__WHAT THE EXERCISE ASKS__
Copy out the listing in full, exactly as written, but not its pictures.

_ _ _ _

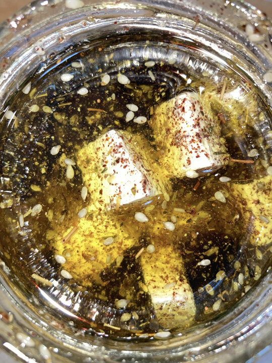 Рассольные сыры без рассола быстро портятся, а из-за солёности их много сразу не съесть. Покупая упаковку такого сыра (брынза, Фета, чанах), я стараюсь сразу весь нарезать кубиками и «законсервировать» в подсолнечном масле. В этот раз купила иранскую брынзу, на мою радость она уже была в виде кубиков, поэтому просто отцедила. Кубики надо обвалять в пряных травах. В этот раз я использовала самодельный заатар (смесь трав). Можно взять смесь прованские травы, итальянские травы и т. п., те, что нравятся. Можно использовать укроп, петрушку, базилик со своего огорода. Можно добавить сушеную паприку кусочками или мелко нарезанные вяленые томаты. Чеснок мелко нарубить и пересыпать им кубики сыра в банке, затем залить маслом и всё. Можно использовать адыгейский сыр, но его стоит подсолить, или использовать в течение нескольких дней. Более солёные сыры в холодильнике запросто простоят месяц, если все кубики сыра будут покрыты маслом. В итоге масло получается ароматным и само по себе является вку
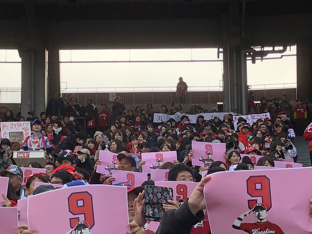 ファン感謝イベントに丸選手が登場すると写真のような光景がスタンドにひろがりました。
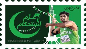 اسلام آباد(روشن پاکستان نیوز) وزیراعظم شہباز شریف کی خصوصی ہدایت پر ملک کے 77 ویں یوم آزادی کے موقع پر ”عزم استحکام“ کے عنوان سے خصوصی ڈاک ٹکٹ جاری کر دیا گیا۔ ڈاک ٹکٹ پر پاکستان کے جیولین تھرور ارشد ندیم کی تصویر لگا کر انہیں خراج تحسین پیش کیا
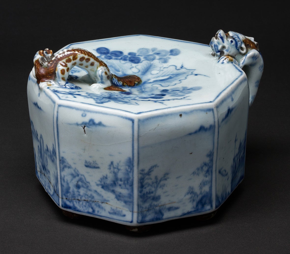 青花鉄砂葡萄山水文八角形水滴「癸卯六月日分院」銘(せいかてっしゃぶどうさんすいもんはっかくけいすいてき きぼうろくがつひぶんいん めい)
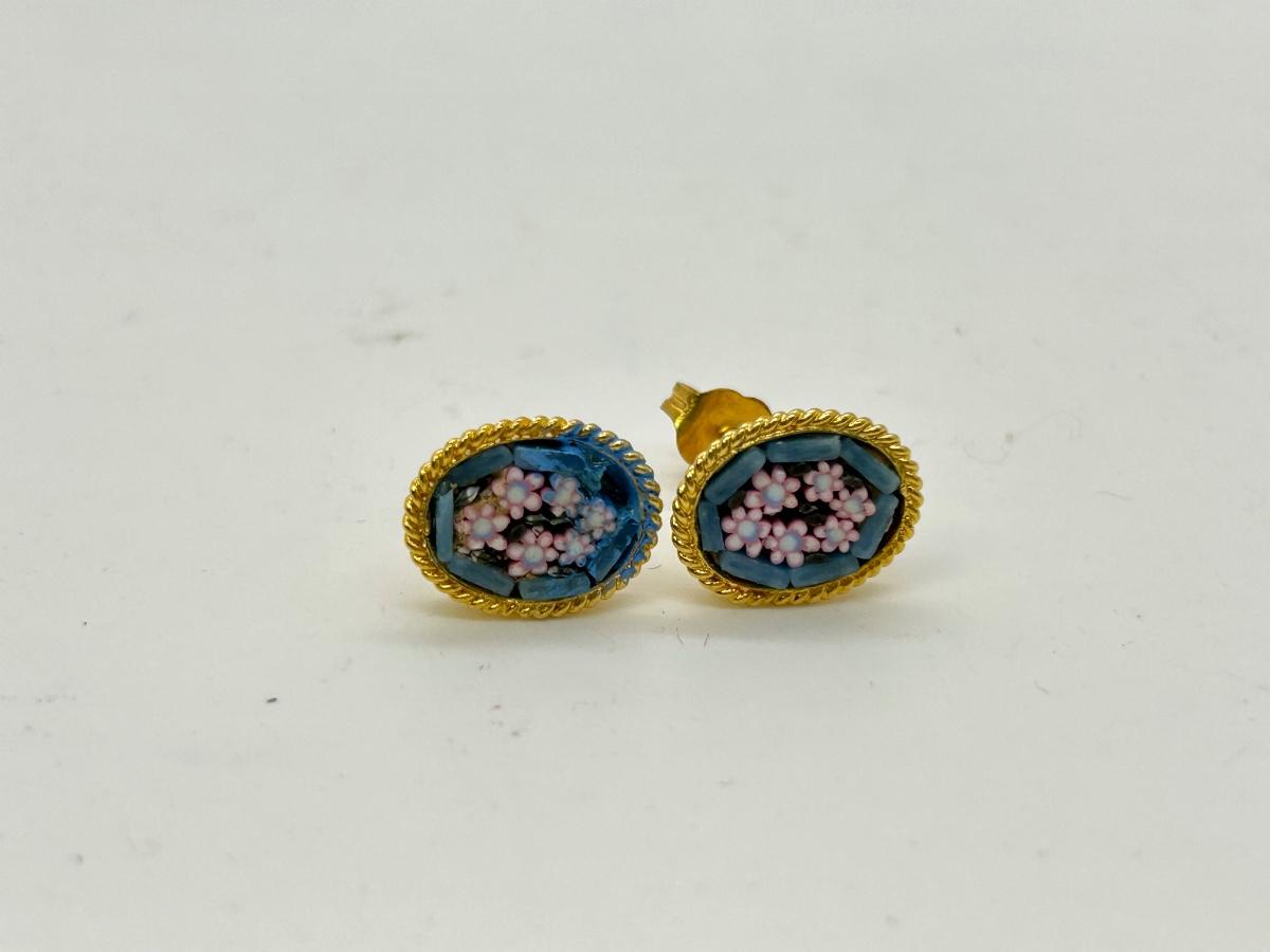 Vintage Flower Floral Mosaic Inlaid Oval Earrings for Pierced Ears
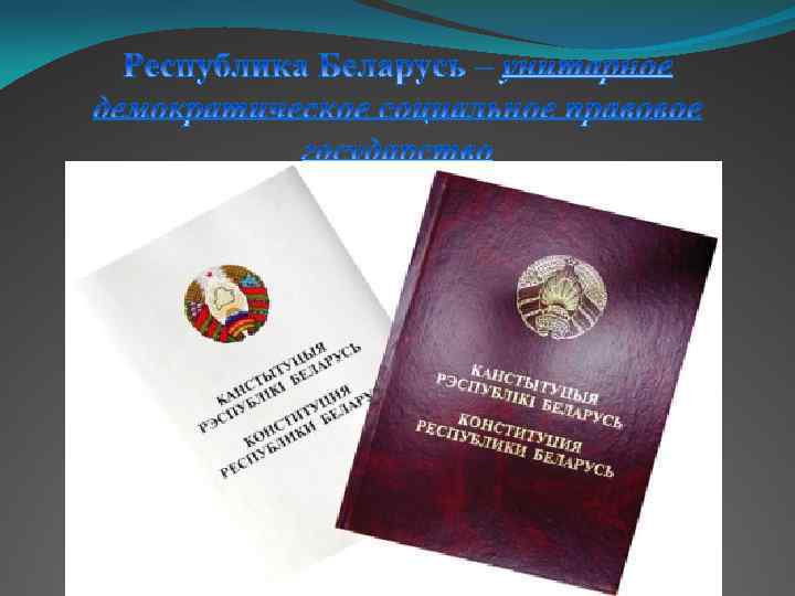 Республика Беларусь обладает верховенством и полнотой власти на своей территории, самостоятельно осуществляет внутреннюю и внешнюю политику. Республика Беларусь защищает свою независимость и территориальную целостность, конституционный строй, обеспечивает законность и правопорядок.
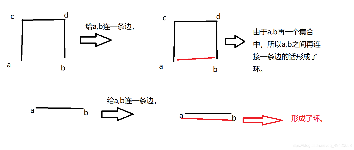 判断是否为连接一条边后组成环的话,可以使用并查集的方式,判断所连接的两个点是否已经再一个集合中了,如果两个点已经在一个集合中了,再用一条边连接这个两个点的话,必定会组成一个环,?

_ _ _ _

__SOLUTION TO THIS EXERCISE__
 Рассольные сыры без рассола быстро портятся, а из-за солёности их много сразу не съесть. Покупая упаковку такого сыра (брынза, Фета, чанах), я стараюсь сразу весь нарезать кубиками и «законсервировать» в подсолнечном масле. В этот раз купила иранскую брынзу, на мою радость она уже была в виде кубиков, поэтому просто отцедила. Кубики надо обвалять в пряных травах. В этот раз я использовала самодельный заатар (смесь трав). Можно взять смесь прованские травы, итальянские травы и т. п., те, что нравятся. Можно использовать укроп, петрушку, базилик со своего огорода. Можно добавить сушеную паприку кусочками или мелко нарезанные вяленые томаты. Чеснок мелко нарубить и пересыпать им кубики сыра в банке, затем залить маслом и всё. Можно использовать адыгейский сыр, но его стоит подсолить, или использовать в течение нескольких дней. Более солёные сыры в холодильнике запросто простоят месяц, если все кубики сыра будут покрыты маслом. В итоге масло получается ароматным и само по себе является вку
 ファン感謝イベントに丸選手が登場すると写真のような光景がスタンドにひろがりました。
 اسلام آباد(روشن پاکستان نیوز) وزیراعظم شہباز شریف کی خصوصی ہدایت پر ملک کے 77 ویں یوم آزادی کے موقع پر ”عزم استحکام“ کے عنوان سے خصوصی ڈاک ٹکٹ جاری کر دیا گیا۔ ڈاک ٹکٹ پر پاکستان کے جیولین تھرور ارشد ندیم کی تصویر لگا کر انہیں خراج تحسین پیش کیا
 青花鉄砂葡萄山水文八角形水滴「癸卯六月日分院」銘(せいかてっしゃぶどうさんすいもんはっかくけいすいてき きぼうろくがつひぶんいん めい)
 Vintage Flower Floral Mosaic Inlaid Oval Earrings for Pierced Ears
 Республика Беларусь обладает верховенством и полнотой власти на своей территории, самостоятельно осуществляет внутреннюю и внешнюю политику. Республика Беларусь защищает свою независимость и территориальную целостность, конституционный строй, обеспечивает законность и правопорядок.
 判断是否为连接一条边后组成环的话,可以使用并查集的方式,判断所连接的两个点是否已经再一个集合中了,如果两个点已经在一个集合中了,再用一条边连接这个两个点的话,必定会组成一个环,?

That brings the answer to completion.